屏風土代

基本情報

  • 台帳ID: 201
  • 管理対象ID: 00011963
  • 種別: 書跡・典籍
  • : 日本
  • 時代: 平安時代
  • 作者: 小野道風
  • 指定年月日: 2021年09月30日
  • 都道府県: 東京都
  • 所在地: 東京都千代田区千代田1-1
  • 所有者名: 国(文化庁保管)

出典: 国指定文化財等データベースより一部抜粋

概要

『屏風土代(びょうぶどだい)』は、平安時代中期の高名な能書家である小野道風(おののみちかぜ/とうふう)が執筆した、屏風に揮毫するための下書き(土代)です。延長6年(928年)、醍醐天皇の命によって製作された屏風の草案であり、道風の真筆であることが確実視される数少ない遺品の一つとして、日本書道史上極めて高い価値を有しています。

歴史的背景

平安時代、それまでの唐風の書道から脱却し、日本独自の優美な書風である「和様(わよう)」が形成されました。その完成者として、藤原佐理、藤原行成とともに「三跡(さんせき)」の一人に数えられるのが小野道風です。本作が書かれた延長6年は、道風が35歳の時であり、宮廷行事で使用される屏風の揮毫を任されるほど、その実力が当代最高峰として認められていたことを物語っています。

特徴と魅力

本作は「下書き」であるからこそ、完成された清書にはない筆致の勢いや創作の息吹がダイレクトに伝わってくる点が最大の魅力です。

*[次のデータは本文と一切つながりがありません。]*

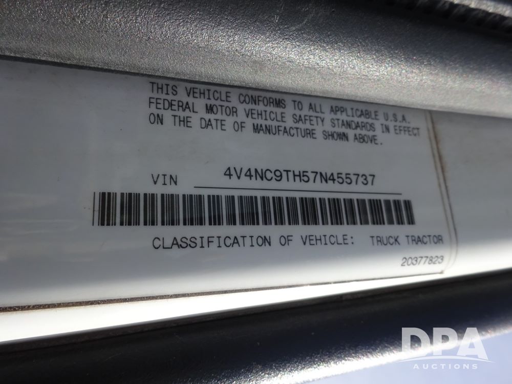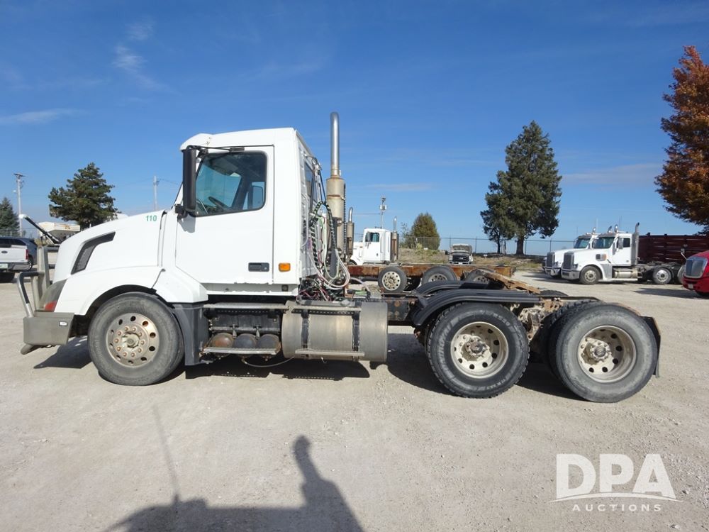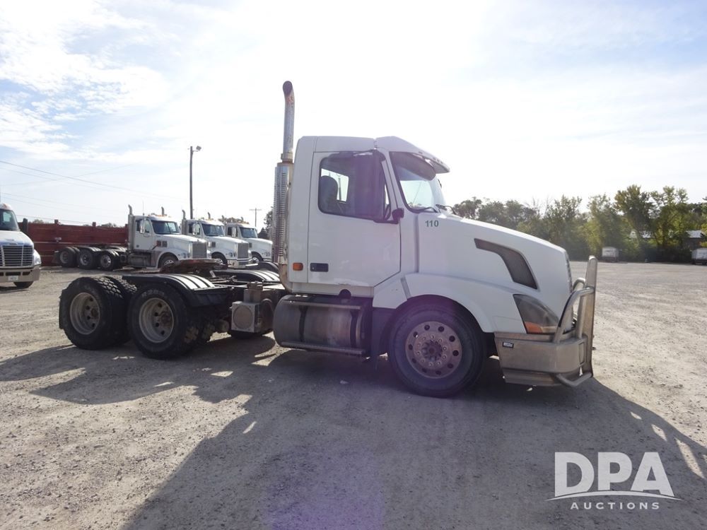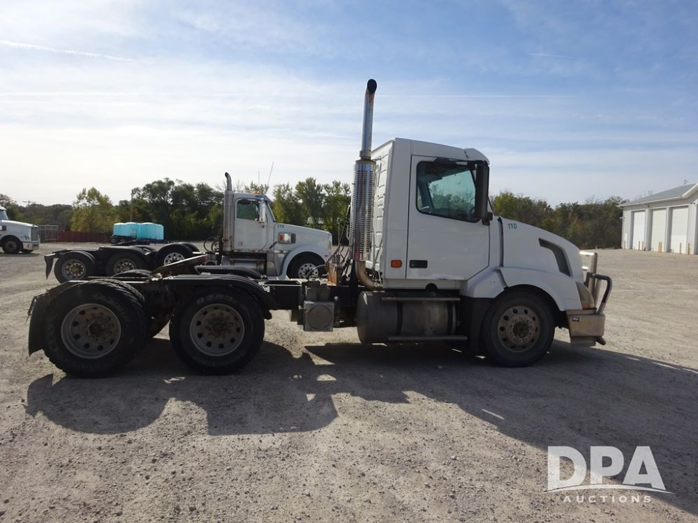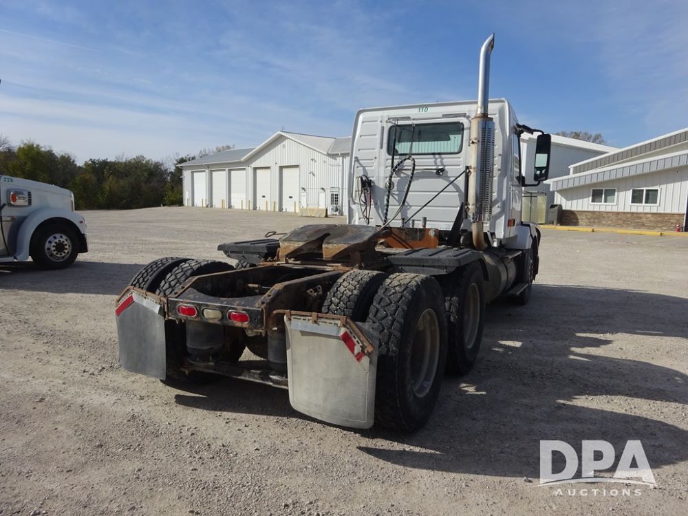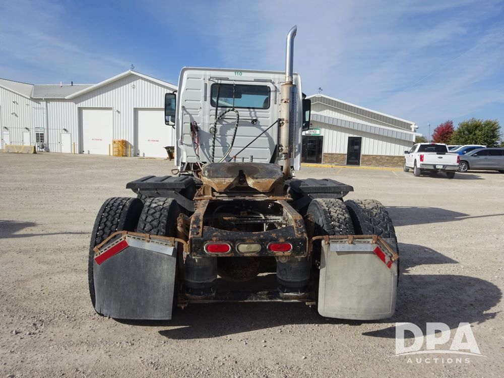 2007 Volvo VNL Day Cab Truck (PZ13987, Unit 110), Cummins ISX 450ST diesel engine, Eaton Fuller 10 speed transmission, air conditioning, heat, Am/Fm CD radio, cruise control, engine brake, power windows & locks, Grill Guard, 5th wheel, wet kit, tandem axle, full screw, air ride suspension, quarter fenders, 11R22.5 tires, aluminum rims, shows 565,542 miles.

  • 和様書道の原点: 唐風の書道に日本的な柔和さと豊潤さを加味した道風独自の書風は、後の日本書道の規範となりました。
  • 躍動感あふれる筆致: 墨の潤渇(じゅんかつ)の変化が激しく、大胆かつ繊細な筆運びは、道風の並外れた技量を示しています。
  • 推敲の跡: 文字の書き直しや、行間に書き込まれた注釈などが見られ、当時の最高知識人がどのように言葉を選び、構成を練ったのかという推敲のプロセスを直接知ることができます。
  • 真筆としての稀少性: 平安時代の書跡の多くが「伝・〇〇筆」とされる中で、本作は道風本人によるものと確定している極めて貴重な作品であり、2021年に国宝に指定されました。